ミナレットとはトルコ語で、イスラム教のモスクに付随する、礼拝時刻を告げる尖塔のことである。
広場のモニュメントであるそれは、形こそ本場シリアのそれを模してはいるが、そこに敬虔な教徒の神聖さの欠片も無く、むしろ商業主義に彩られし〈ミナレット街〉の、周囲よりも数メートルばかり突き出た拝金主義を如実に表しているといえた。
〈ミナレット街〉は、ターミナルに面した他の地域の例に違わず、旅籠町である。
ここには大小様々、高級低俗リーズナブル問わず、ありとあらゆる宿泊産業が犇き合っていて、けれどそれらが順当に顧客を割り振っている訳では無く、常に威勢と愛想笑いの厚化粧の下には、狡猾な計算と算盤勘定が蠢いていた。ひとたび、宿の予約を取っていない旅行客が重たい荷物鞄を抱えてお天道様の下に出てみれば、たちまち腹を空かせたネズミの群の中に、パン屑を沢山体に貼り付けて身を投じるのと同じ行為だということを、身を以って体験する羽目になるだろう。

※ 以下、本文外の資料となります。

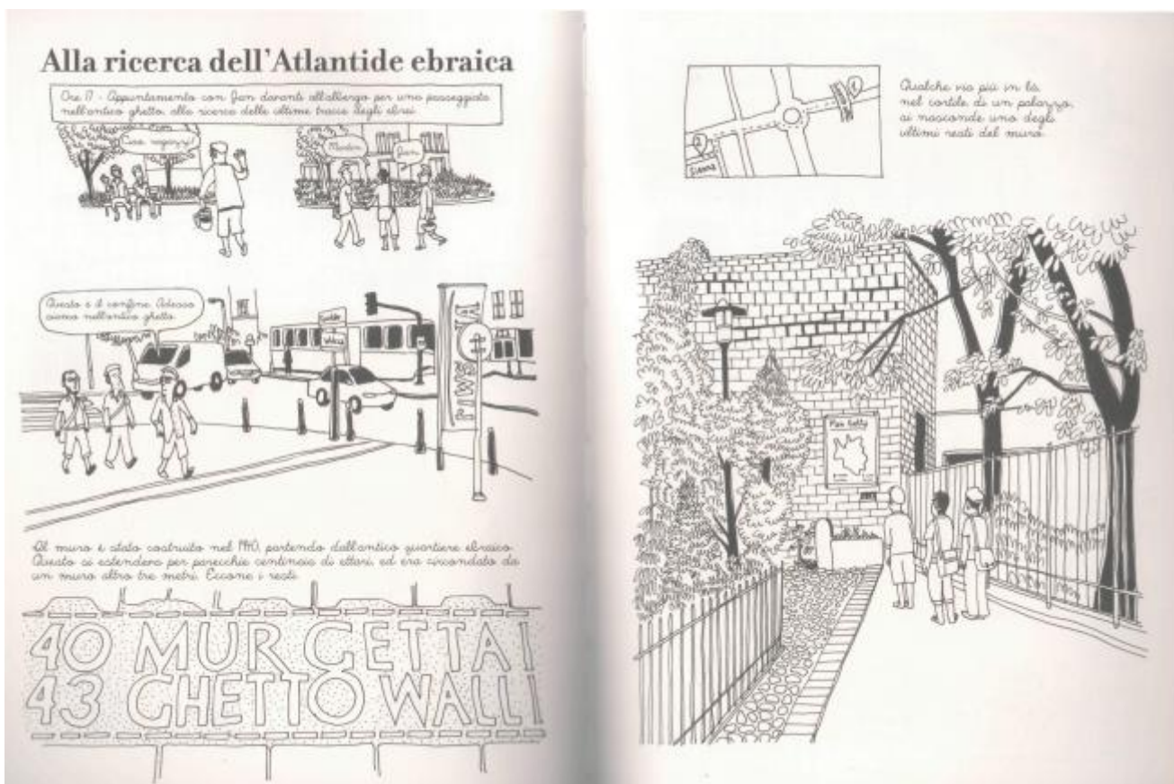
Copyright Jérémie Dres e per l'edizione italiana Coconino Press-Fandango 2012

Prima della seconda guerra mondiale a Varsavia vivevano 375000 ebrei principalmente concentrati nella zona nord della città: si trattava della più grande comunità ebraica europea e della seconda del mondo dopo New York (ma in verità, se chiedete alla guida della sinagoga Nozyk, vi dirà “che era più grande e importante anche di quella di New York”).

〈ホテル・ニムロド〉もそんなドブネズミ群の一匹である。
場所は完璧、設備も結構。
ミナレットの麓から一つ横道に入ったところ、旧きよきイングランドの上品な建築の優美さと機能性を兼ね備え、大きすぎず小さすぎもせず。大通りの喧騒は、ボスネズミ〈ノア・メトロポリタン〉の巨体に遮断され。大き目に取った敷地には、土地事情に厳しい〈ベイベル〉ではついぞお目に掛かれなくなった庭園付き。内壁に寄り掛かっているため、オーシャンビューの部屋もござい。

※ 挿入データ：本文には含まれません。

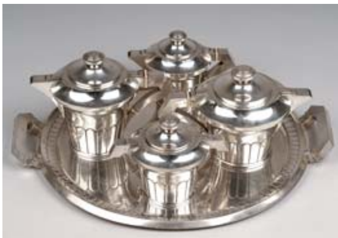
992 SERVIÇO DE CHÁ E DE CAFÉ , Art Déco, prata, composto por bandeja, bule, cafeteira, açucareiro e leiteira, contraste Águia de Lisboa (1938-1984) (Vidal - 48), português, séc. XX, ligeiras amolgadelas, marca de ourives diferente Dim. - 53 x 45,5 cm (bandeja) - 17,5 cm (cafeteira) Peso - 4.262 grs. € 2.800 - 4.200
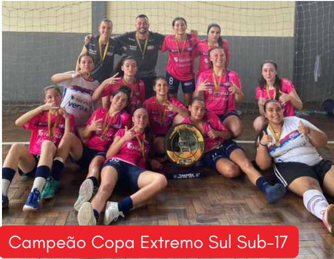
Campeão Copa Extremo Sul Sub-17
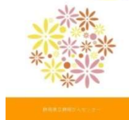
抗がん剤治療と皮膚障害
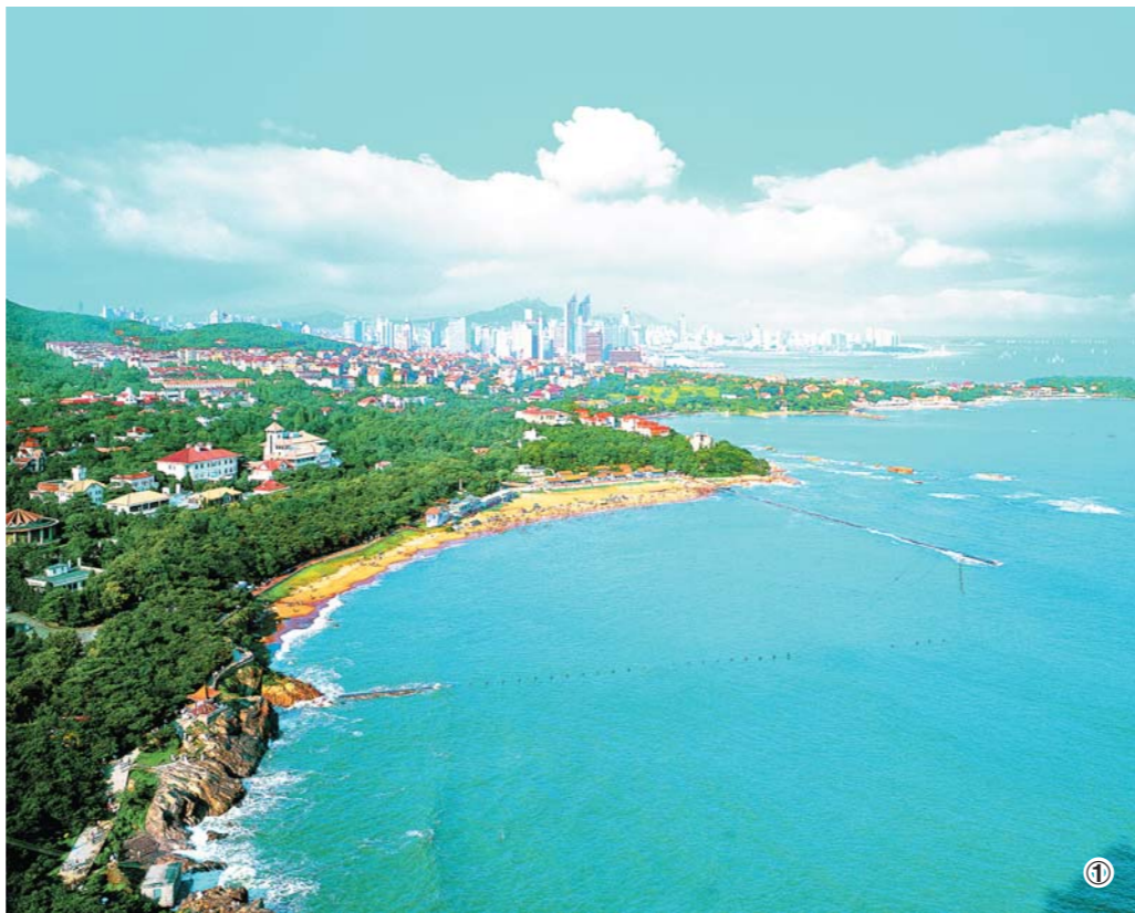
图①：作为我国首批沿海开放城市，青岛的对外开放程度越来越高。（资料图）

中欧、中亚班列是我省连接“一带一路”沿线国家的重要纽带。积极参与“一带一路”建设，全省有9个市开通了“欧亚班列”，累计开行班次500列，形成了东连日韩、西接中亚及欧洲的国际海陆大通道。下一步，我省将统筹全省“欧亚班列”，优化班列路线，提高线路覆盖面，建立健全信息平台，定期发布相关信息；推动省内进出口骨干企业、已经“走出去”企业和物流企业合作建设海外仓，加强与“一带一路”沿线国家合作和设施建设。
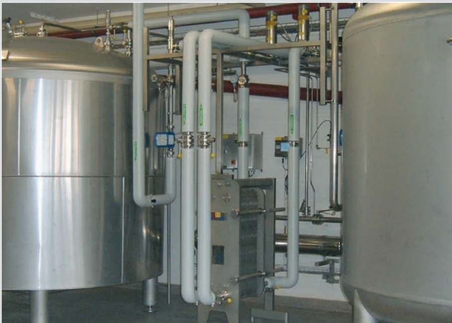
► VE-Wasser , Lagerung und Verteilung, Ozonisierung und UV-Behandlung
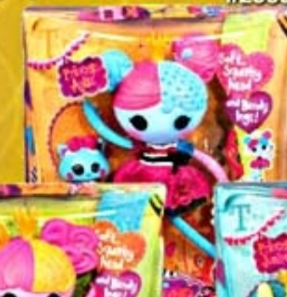
Lalaloopsy Princess #2061
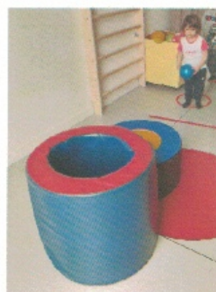
Lancer des ballons dans la roue ou le tonneau
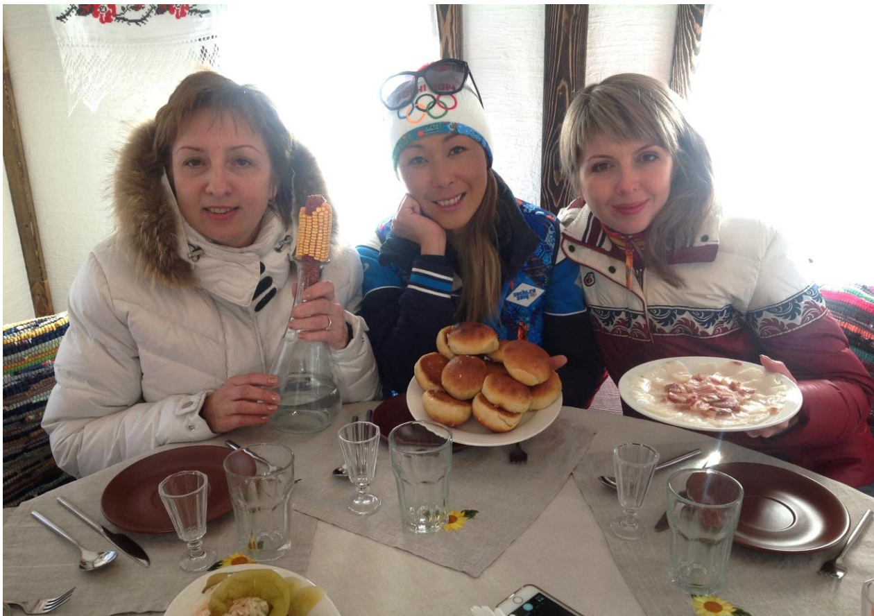
Фото № 1. Курень «Белореченское подворье»

Отмечена положительная динамика развития и сферы бытовых услуг. Количество предприятий бытового обслуживания в 2014 году составило 380 объектов из них 59 предприятий и 321 частный предприниматель. Всего в сфере бытового обслуживания занято около 1 200 человек, функционирует более 750 рабочих мест, что составляет 12 мест на 1000 жителей.

それでいて、お値段は実に良心的。設備も綺麗、朝食付き。昼食、夕食もお望みとあらばお抱えコックが腕によりをかけて各国の料理をご用意、アフタヌーン・ティーには様式美溢れるバラ園で、ベイベル一と通の間で名高い〈葡萄燈〉直送のケーキもセットでご提供。
「なぁのぉにぃ」
朝の一仕事も、チェックアウトの紳士のお相手も、街へ繰り出す老嬢たちのお見送りも終え、礼節の対象のいなくなったロビーに、不満たらたらの声が響く。

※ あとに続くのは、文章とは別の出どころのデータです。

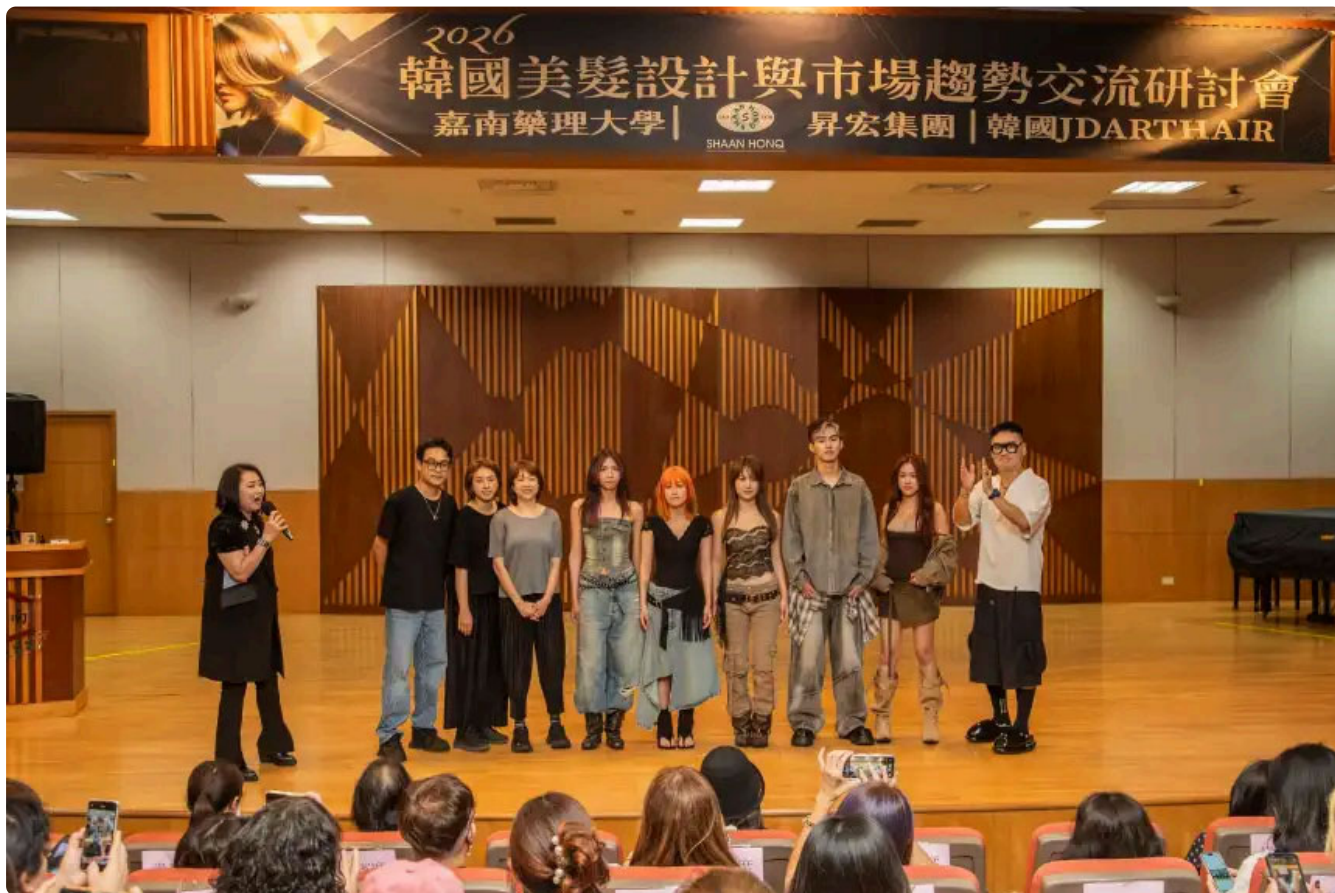
引領國際時尚！嘉藥粧品系辦韓國美髮趨勢研討會

韓國美粧與美髮時尚近年來席捲全球，已成為引領世界潮流的指標之一，嘉南藥理大學化粧品應用與管理系為讓校內師生與國際最前線接軌，於2日下午舉辦「韓國美髮設計與市場趨勢交流研討會」，邀請韓國知名品牌「JD ART HAIR」代表暨首席講師李在東，分享韓國最新髮型設計趨勢、美髮沙龍市場發展與產業實務經驗，吸引來自全台各地大專院校、技職及高中職專科學校超過200位時尚美容師生參與，現場交流氣氛熱烈。
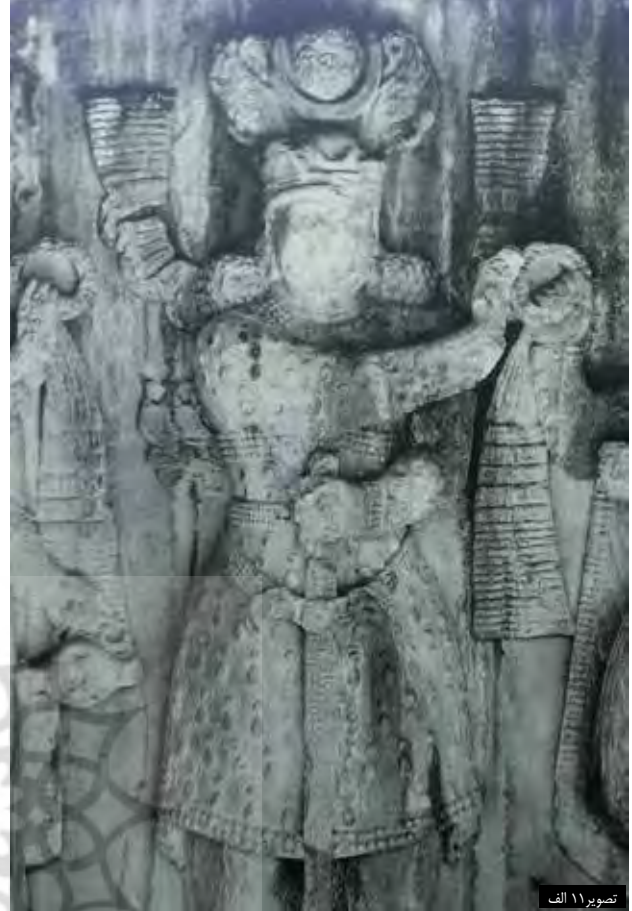
تصویر ۱۱ الف

تصویر ۱۱. الف: لباس خسرو پرویز، با مرواریدهایی به شکل قطره آب، عکس: سید امیر منصوری، آرشیو پژوهشکده نظر، ۱۳۹۲. ب: تاج اناهیتا مزین به شکوفه‌های گل و مروارید. عکس: سید امیر منصوری، آرشیو پژوهشکده نظر، ۱۳۹۲.

「人の悪いところはさ、一目で百は挙げられるわたしがさ、これだけ探し回っても粗一つ見つからないのにさ。どうしてこのホテルは、余所の図体ばかりデカいウスノロや、安いだけでセンスの欠片も無いボロ旅籠や、高いだけが売りの成金ホテルに収益で引けを取っているんだろ?」
そう云いながら、そろそろ塵どころか毛ごと抜け落ちて円形脱毛症に罹からせんばかりの勢いで、ヘラジカの剥製の頭部目掛けて叩きを振るっているはハヅキ・イェーガー。
ストロベリーブロンドの髪を優雅に束ねる彼女は、前後左右どこからどう見ても頼りない、世間の荒波からは一線画したところで平穏にすくすくと育ったお嬢様なのだが、このホテルのオーナーとしてヒエラルキーの頂点に立っている。
そして、勿論それは世襲制の産物である。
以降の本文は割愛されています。